The rapid decline of Arctic sea ice during the last couple of decades has spurred climate scientists to study how that meltdown influences the rest of the planet, and a new study suggests that the effects may extend deep into the tropics.
The study, published Monday in the journal Proceedings of the National Academy of Sciences, detected a pattern that links sea ice decline since the late 1990s with more frequent warm cycles in the Central Pacific Ocean. The surges of ocean heating in that region can disrupt the climate, affecting drought, flood and hurricane patterns around the world.
Winds are the link between the melting ice and the tropics. The researchers posit that the Arctic Ocean has warmed up so much in the last 20 years that warm, late-summer sea surface air forms powerful convective towers, rising to the stratosphere. When the air falls back toward the equatorial Pacific, it intensifies prevailing east-to-west trade winds that push warm water toward Asia and Oceana, giving birth to a Central Pacific El Niño, a geographically specific variation of the well-documented Pacific warming and cooling cycle that is a key driver of the global climate.

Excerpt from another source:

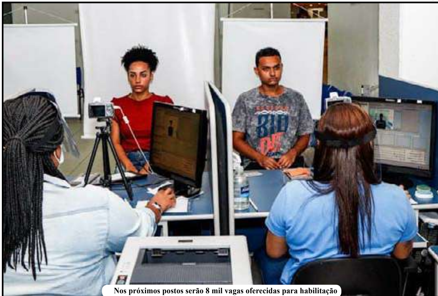
Nos próximos postos serão 8 mil vagas oferecidas para habilitação

Já no próximo sábado (14), na capital e Região Metropolitana serão reabertos os postos de Cantagalo, Centro, Guadalupe (Shopping Guadalupe), Ilha do Governador, Irará (Shopping via Brasil), Magé, Mesquita, Paracambi, Rio Bonito, São Gonçalo (Neves) e Sulacap Shopping. E no interior serão os postos de Araruama, Barra do Pirai, Barra Mansa, Bom Jesus de Itabapoana, Itaguaí, Itaocara, Nova Friburgo, Paraíba do Sul, Resende, Teresópolis e Vassouras.

The study found a secondary effect. The atmospheric roller coaster rebounds back north, and may weaken a weather pattern near Alaska that steers Pacific storms toward the West Coast.
The new research shows that El Niños forming in the Central Pacific started becoming more frequent at the same time that Arctic sea ice extent started its precipitous decline.
Jennifer Francis, a climate researcher with the Woods Hole Research Center who was not involved in the study, said the findings add to, “a growing body of evidence suggesting that the influence of Arctic sea-ice loss on large-scale wind systems reaches farther than thought, beyond the mid-latitudes and into the tropics.”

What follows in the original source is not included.